Below are records with pictures; copy word for word only the lines between the line with "上品な光沢感のある生地感です" and the line with "وللجواب على ذلك", inclusive, and drop the pictures.
*** DATA EXTRACTS
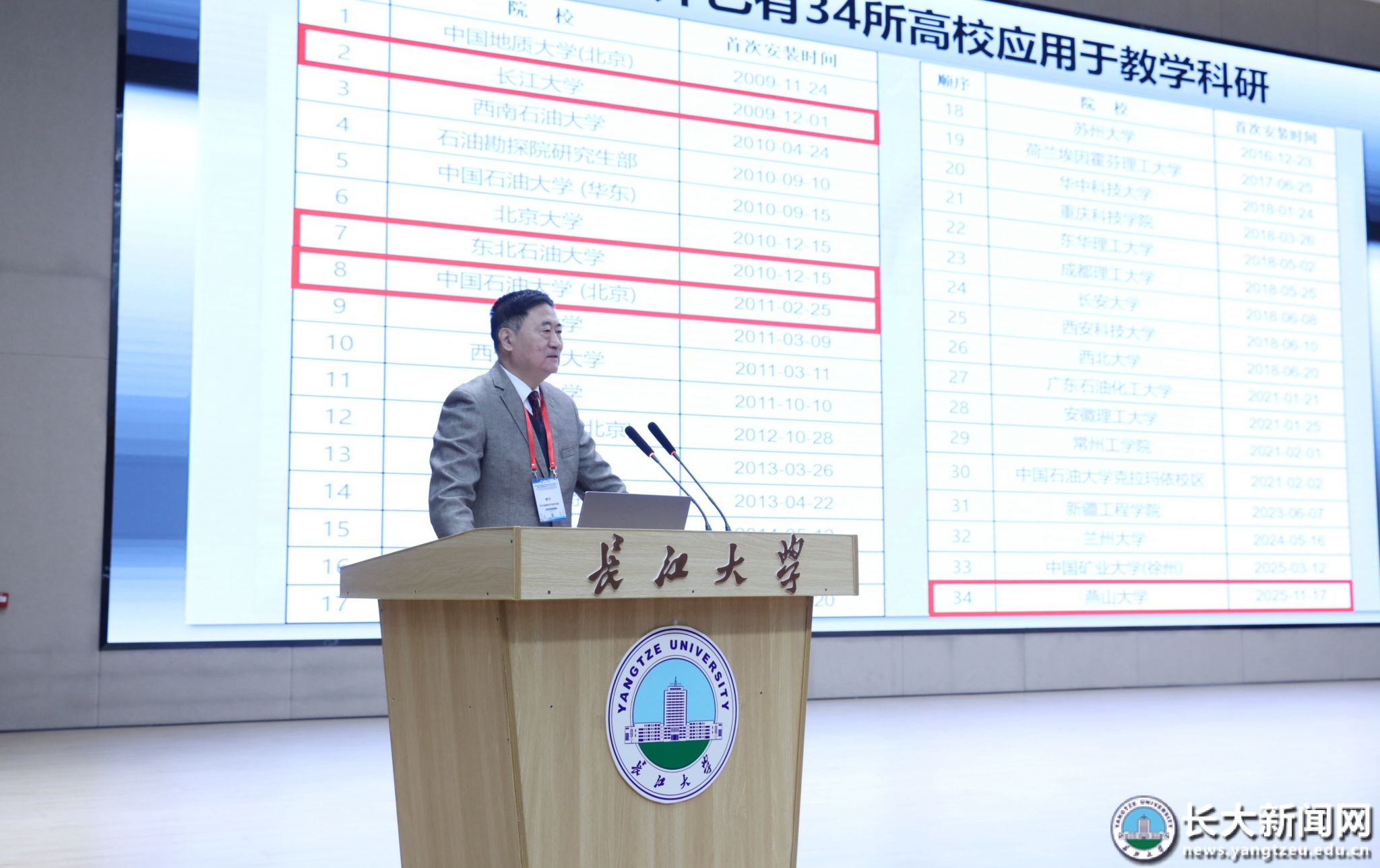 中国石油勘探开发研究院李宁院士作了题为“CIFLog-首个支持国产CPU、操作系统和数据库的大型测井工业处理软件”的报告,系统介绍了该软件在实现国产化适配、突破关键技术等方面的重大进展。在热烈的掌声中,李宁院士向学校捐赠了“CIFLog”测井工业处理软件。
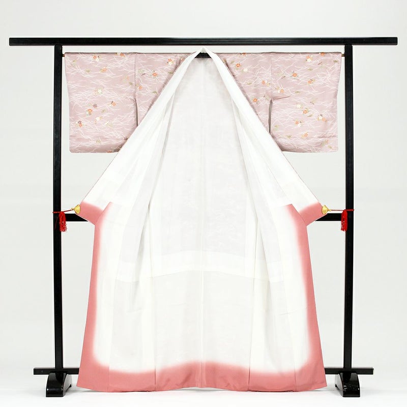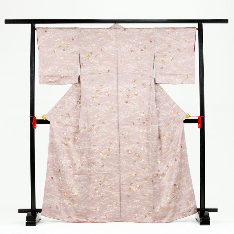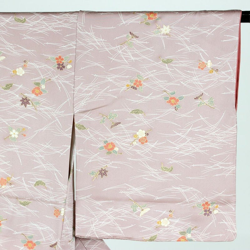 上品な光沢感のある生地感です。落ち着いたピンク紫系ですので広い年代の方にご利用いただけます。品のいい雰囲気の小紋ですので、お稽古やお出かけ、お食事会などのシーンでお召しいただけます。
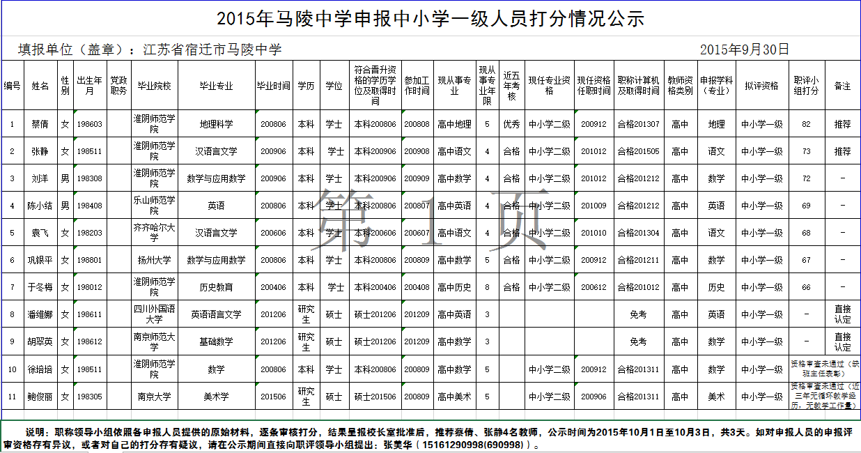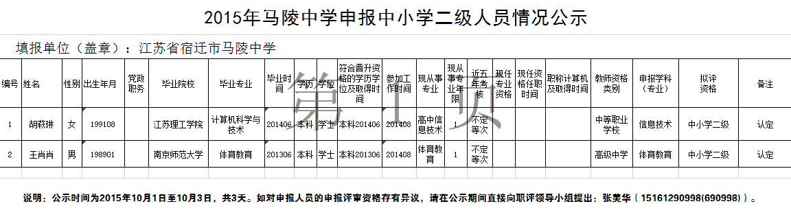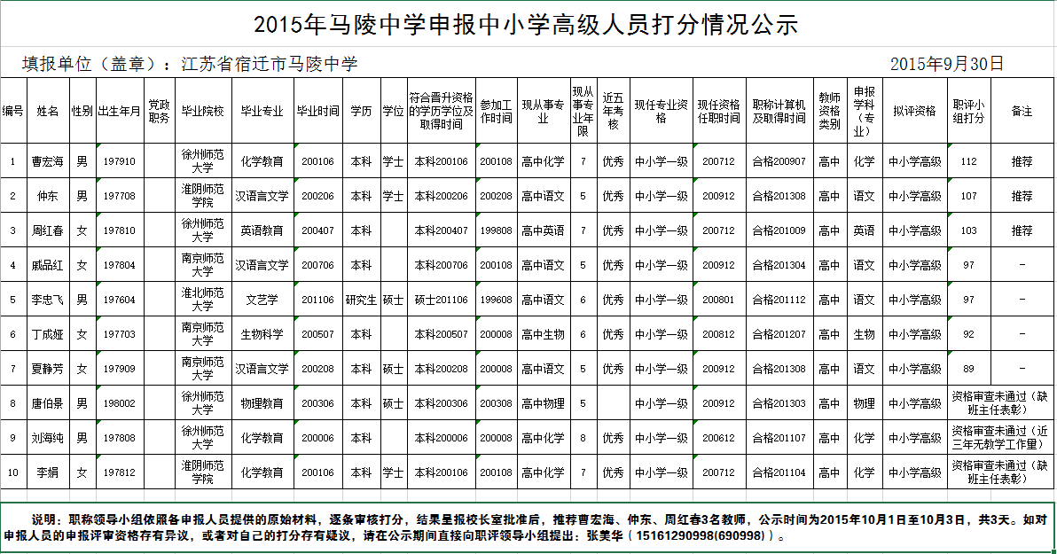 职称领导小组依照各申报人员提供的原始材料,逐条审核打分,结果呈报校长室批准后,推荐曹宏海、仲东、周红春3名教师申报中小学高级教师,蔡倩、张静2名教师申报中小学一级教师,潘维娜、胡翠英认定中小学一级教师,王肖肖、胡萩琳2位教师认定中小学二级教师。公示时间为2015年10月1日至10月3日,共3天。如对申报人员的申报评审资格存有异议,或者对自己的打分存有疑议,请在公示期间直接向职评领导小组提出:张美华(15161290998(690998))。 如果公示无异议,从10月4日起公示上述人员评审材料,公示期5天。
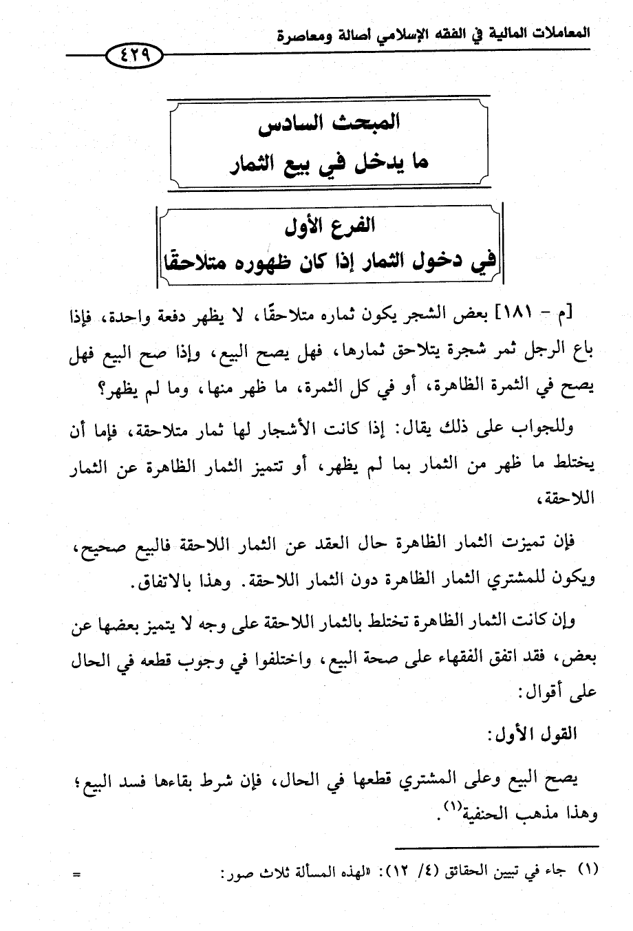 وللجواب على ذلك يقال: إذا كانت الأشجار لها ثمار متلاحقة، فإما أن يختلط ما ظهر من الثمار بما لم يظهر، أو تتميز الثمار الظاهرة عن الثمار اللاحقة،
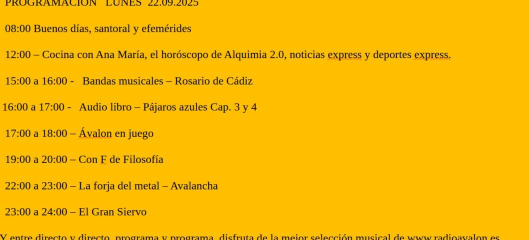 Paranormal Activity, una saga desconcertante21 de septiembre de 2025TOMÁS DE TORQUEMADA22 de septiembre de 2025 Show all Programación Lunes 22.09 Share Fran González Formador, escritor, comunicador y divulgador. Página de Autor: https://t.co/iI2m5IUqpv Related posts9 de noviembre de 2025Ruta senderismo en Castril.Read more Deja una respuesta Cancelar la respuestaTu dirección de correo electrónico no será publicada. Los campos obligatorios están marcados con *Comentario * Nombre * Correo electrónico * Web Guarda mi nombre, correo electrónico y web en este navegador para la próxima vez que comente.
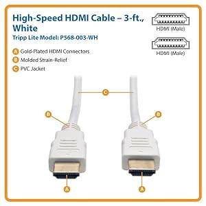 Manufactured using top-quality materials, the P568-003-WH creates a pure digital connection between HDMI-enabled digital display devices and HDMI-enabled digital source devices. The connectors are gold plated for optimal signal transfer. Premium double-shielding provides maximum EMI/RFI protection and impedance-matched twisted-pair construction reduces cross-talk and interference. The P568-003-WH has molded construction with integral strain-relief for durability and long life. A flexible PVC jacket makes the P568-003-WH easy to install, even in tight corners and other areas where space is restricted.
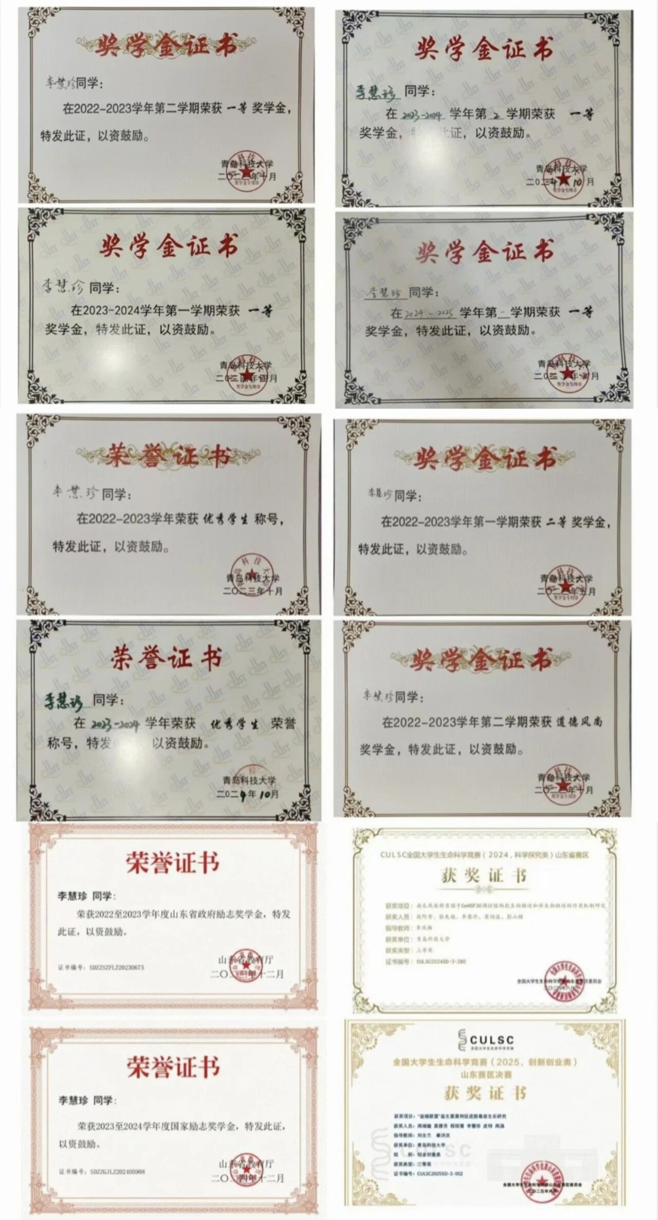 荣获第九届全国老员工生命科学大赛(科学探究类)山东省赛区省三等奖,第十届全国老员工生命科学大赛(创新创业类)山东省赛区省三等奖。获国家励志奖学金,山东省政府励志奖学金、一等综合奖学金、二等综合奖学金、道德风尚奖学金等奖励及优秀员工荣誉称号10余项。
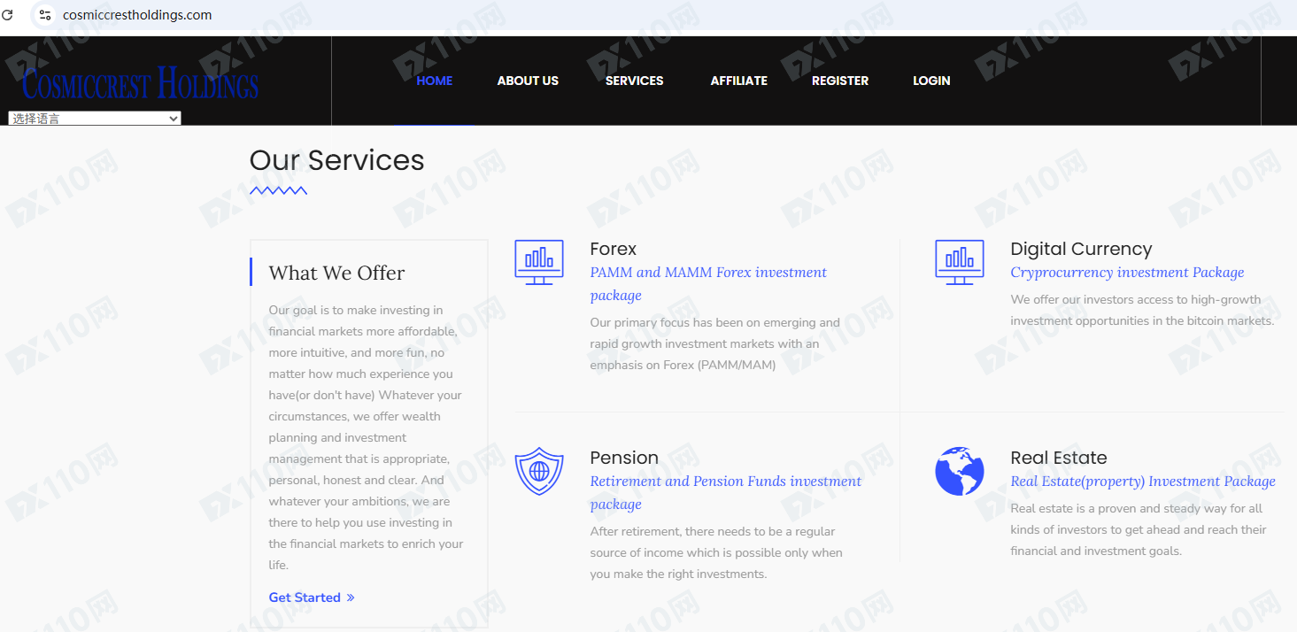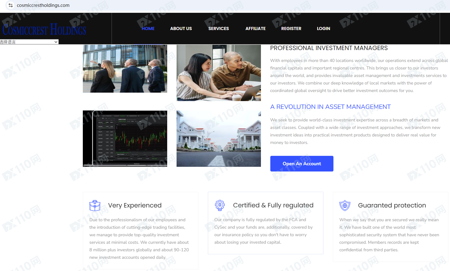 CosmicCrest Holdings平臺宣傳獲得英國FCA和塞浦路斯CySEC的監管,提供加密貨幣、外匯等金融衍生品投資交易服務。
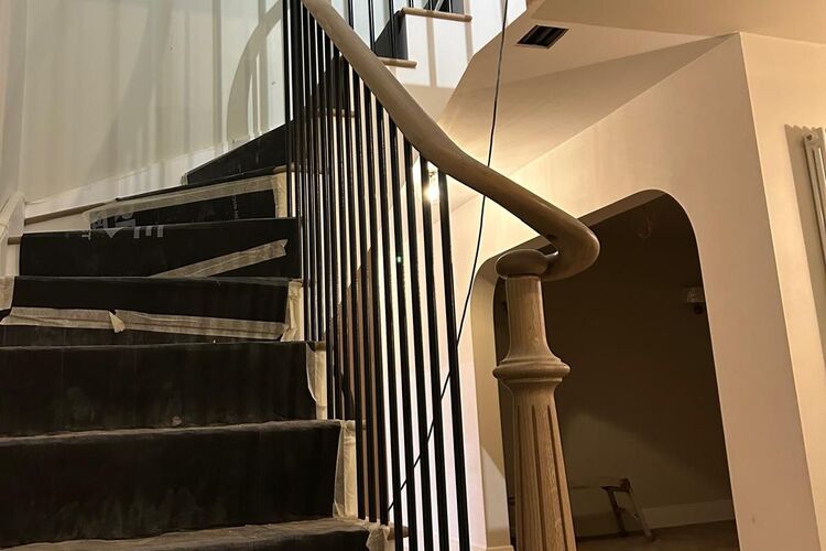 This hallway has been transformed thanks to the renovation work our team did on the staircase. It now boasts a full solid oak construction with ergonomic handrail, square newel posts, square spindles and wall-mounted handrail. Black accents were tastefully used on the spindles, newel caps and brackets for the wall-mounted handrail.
******
» **EXERCISE ANSWER**:
 上品な光沢感のある生地感です。落ち着いたピンク紫系ですので広い年代の方にご利用いただけます。品のいい雰囲気の小紋ですので、お稽古やお出かけ、お食事会などのシーンでお召しいただけます。
 职称领导小组依照各申报人员提供的原始材料,逐条审核打分,结果呈报校长室批准后,推荐曹宏海、仲东、周红春3名教师申报中小学高级教师,蔡倩、张静2名教师申报中小学一级教师,潘维娜、胡翠英认定中小学一级教师,王肖肖、胡萩琳2位教师认定中小学二级教师。公示时间为2015年10月1日至10月3日,共3天。如对申报人员的申报评审资格存有异议,或者对自己的打分存有疑议,请在公示期间直接向职评领导小组提出:张美华(15161290998(690998))。 如果公示无异议,从10月4日起公示上述人员评审材料,公示期5天。
 وللجواب على ذلك يقال: إذا كانت الأشجار لها ثمار متلاحقة، فإما أن يختلط ما ظهر من الثمار بما لم يظهر، أو تتميز الثمار الظاهرة عن الثمار اللاحقة،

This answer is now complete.